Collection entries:
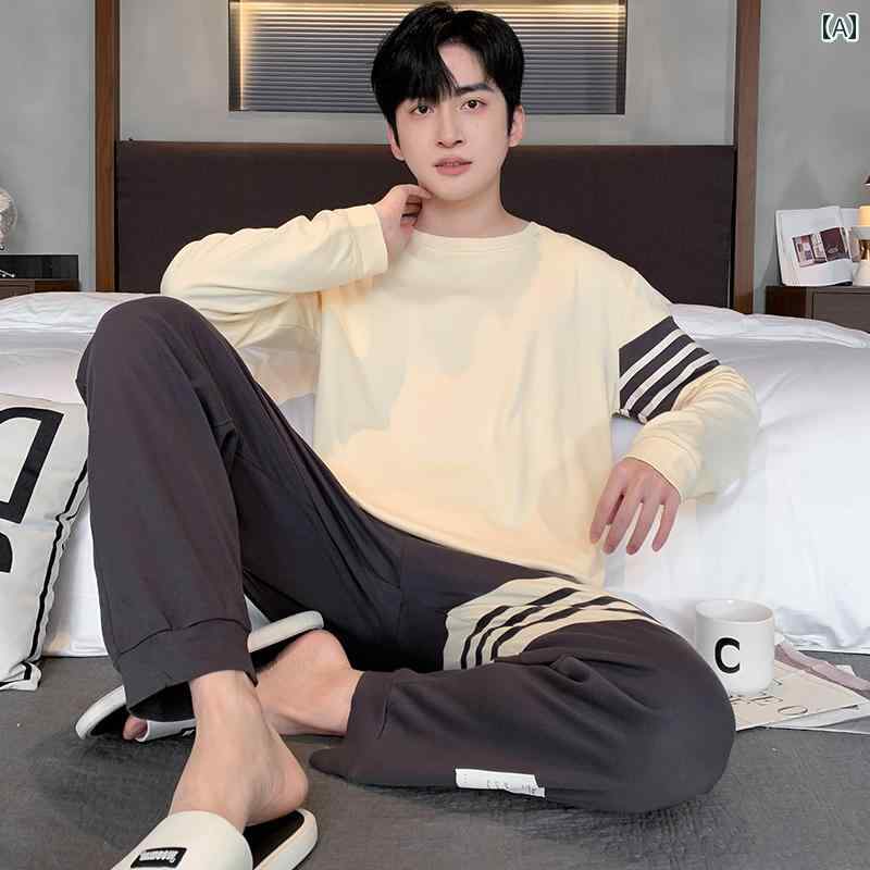 パジャマ メンズ 男性用 春秋 長袖 長ズボン 上下セット 綿 ストライプ柄 部屋着 リラックスウェア 寝巻き ルームウェア 普段使い άν
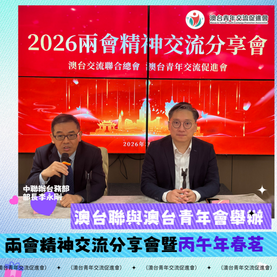 澳台交流聯合總會和澳台青年交流促進會舉辦“2026年兩會精神交流傳達會”及“丙午年春茗”,3月15日晚假華都酒店王子海鮮酒家宴會廳舉行。
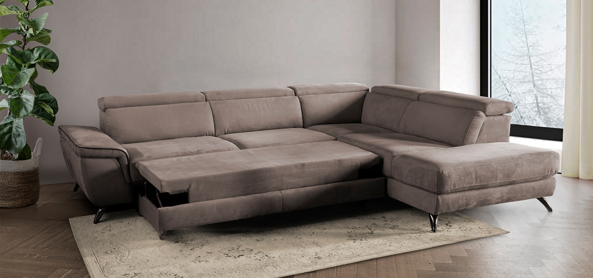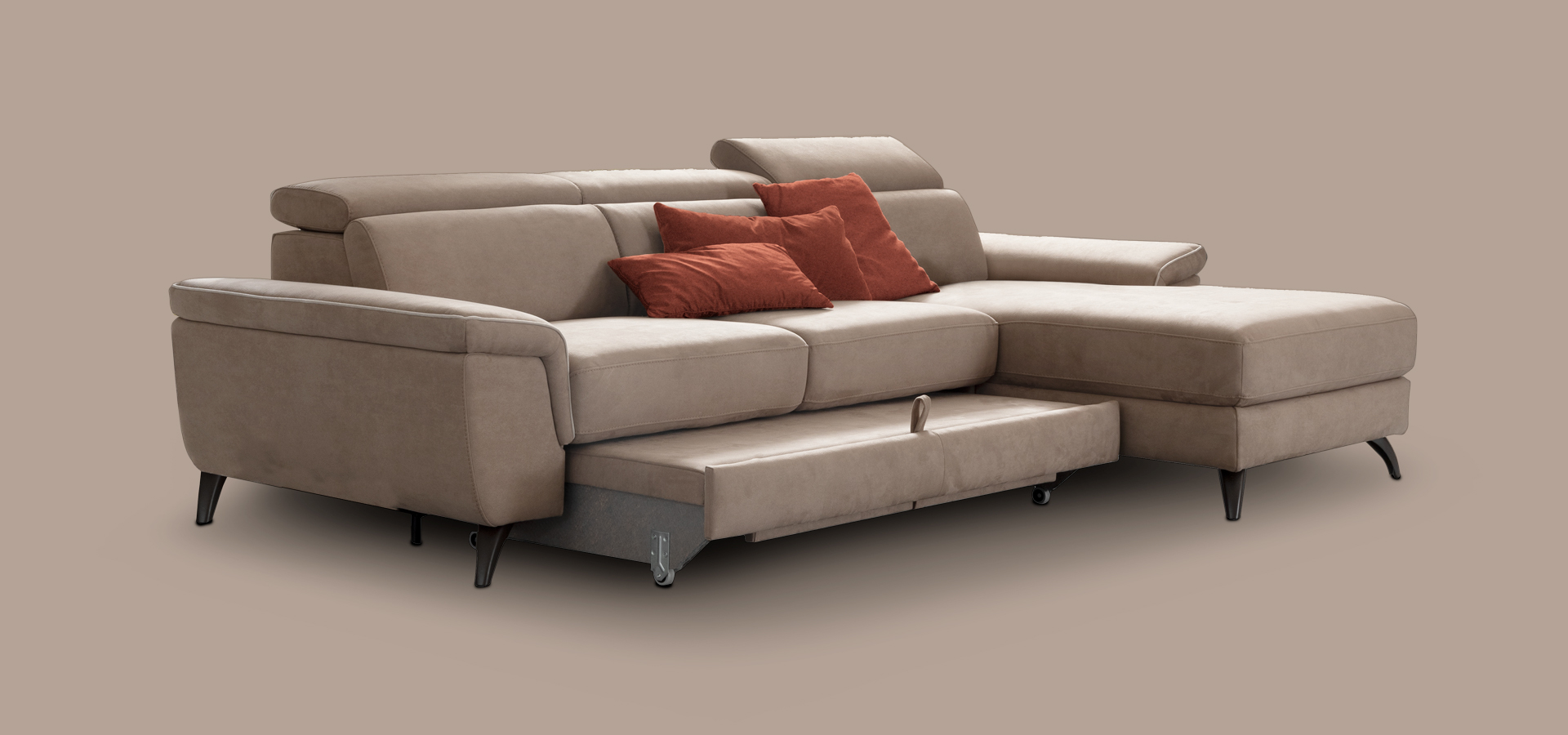 Una comoda pediera estraibile rende questo divano adatto come letto per gli ospiti.
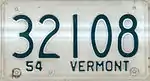 1954 | As 1952 base, but with "54 VERMONT" at bottom | none | 12345 | 1 to 99999 | |
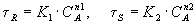 Селективность зависит от соотношения скоростей основной и побочной реакций или относительной скорости образования веществ R и S. Пусть основным является продукт R, побочным- S. Скорость их получения выражается формулами:
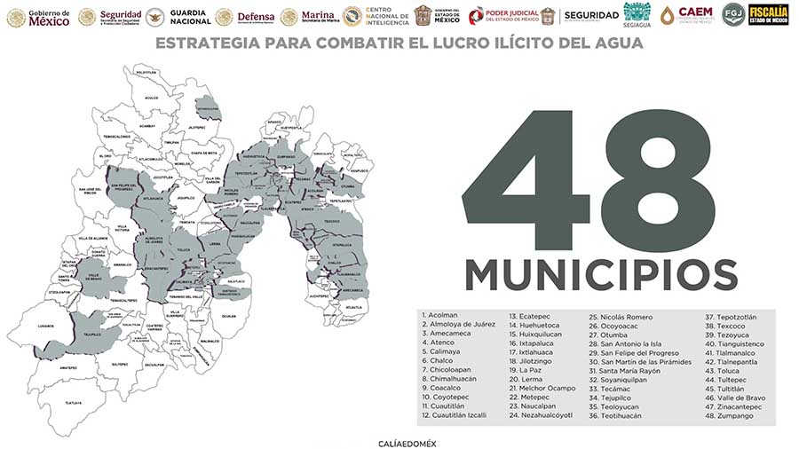 Con apoyo de la CONAGUA, la CAEM y los organismos municipales de agua, se desplegaron operativos simultáneos en 48 municipios de la entidad, con el propósito de intervenir más de 190 pozos y tomas de agua presuntamente vinculadas a la extracción, sobreexplotación, distribución, acaparamiento y venta ilegal del recurso.

◆ What this task involves: Reproduce every record above exactly, but leave out the pictures.

◆ Task solution:
 パジャマ メンズ 男性用 春秋 長袖 長ズボン 上下セット 綿 ストライプ柄 部屋着 リラックスウェア 寝巻き ルームウェア 普段使い άν
 澳台交流聯合總會和澳台青年交流促進會舉辦“2026年兩會精神交流傳達會”及“丙午年春茗”,3月15日晚假華都酒店王子海鮮酒家宴會廳舉行。
 Una comoda pediera estraibile rende questo divano adatto come letto per gli ospiti.
 1954 | As 1952 base, but with "54 VERMONT" at bottom | none | 12345 | 1 to 99999 | |
 Селективность зависит от соотношения скоростей основной и побочной реакций или относительной скорости образования веществ R и S. Пусть основным является продукт R, побочным- S. Скорость их получения выражается формулами:
 Con apoyo de la CONAGUA, la CAEM y los organismos municipales de agua, se desplegaron operativos simultáneos en 48 municipios de la entidad, con el propósito de intervenir más de 190 pozos y tomas de agua presuntamente vinculadas a la extracción, sobreexplotación, distribución, acaparamiento y venta ilegal del recurso.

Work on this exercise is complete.